- July 15 2026
- admin
You might have sent the same one-paragraph brief to three or four IT companies in Dubai and gotten back three or four numbers that don’t look like they’re quoting the same job. One comes in around 1,500 AED a month. Another wants 6,000. A third won’t give you anything until someone visits your office.
IT pricing in Dubai just isn’t standardized the way, say, a serviced office or a trade license fee is. Most of the gap between quotes comes down to what’s actually included, not how much the provider thinks they can get away with charging. This guide explains how that pricing works, what moves your number up or down, and what to ask before you sign anything.

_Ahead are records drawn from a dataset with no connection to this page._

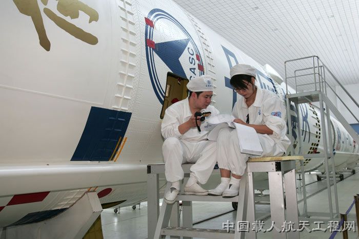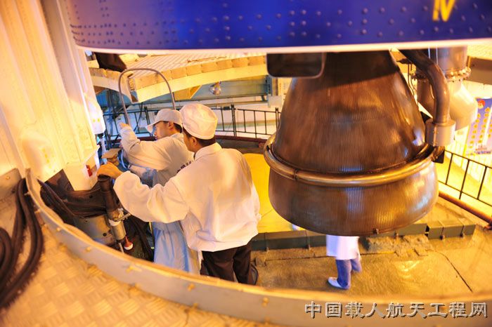 图7:工作人员对长二F火箭测试。(汪江波 摄)
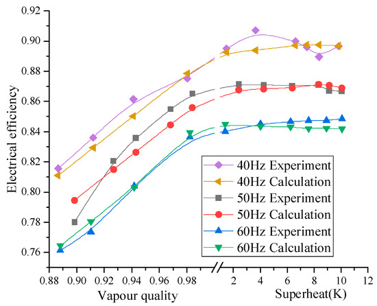 Figure 6. Experiment and calculation electrical efficiency at 40 Hz/50 Hz/60 Hz compressor frequency.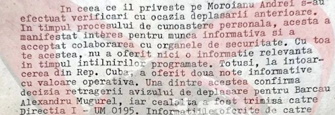 Din el, aflăm că Nicușor Dan fusese recrutat încă din 1987, înaintea olimpiadei de matematică din Cuba, că și-a turnat colegi selectați pentru olimpiada de matematică din Canberra, Australia, 1988, dar și profesorul de liceu, și că manifesta aptitudini reale de turnător, ca și voința de a lucra cu organele.

Why does the Pricing Never Seem to Match?
Dubai’s IT market is a mix of one-person freelancers, boutique support shops, established regional players, and large system integrators, all bidding on the same request for a quote, each with a completely different cost structure. There’s no published price list anyone in the industry agrees to work from.
Part of the confusion is that “managed IT” itself is a broad label. Gartner’s definition of a managed service provider covers everything from network and application support to infrastructure and security, delivered on an ongoing basis. That breadth is exactly why two quotes that both say “managed IT services” can cover wildly different amounts of actual work.
Three Ways You’ll Get Billed
Almost every quote you receive will fall into one of these three models, sometimes blended.
- Break-fix / hourly — you pay only when something goes wrong. It looks cheap on paper, but no one is actively monitoring your systems, and the bill tends to show up at the worst possible time.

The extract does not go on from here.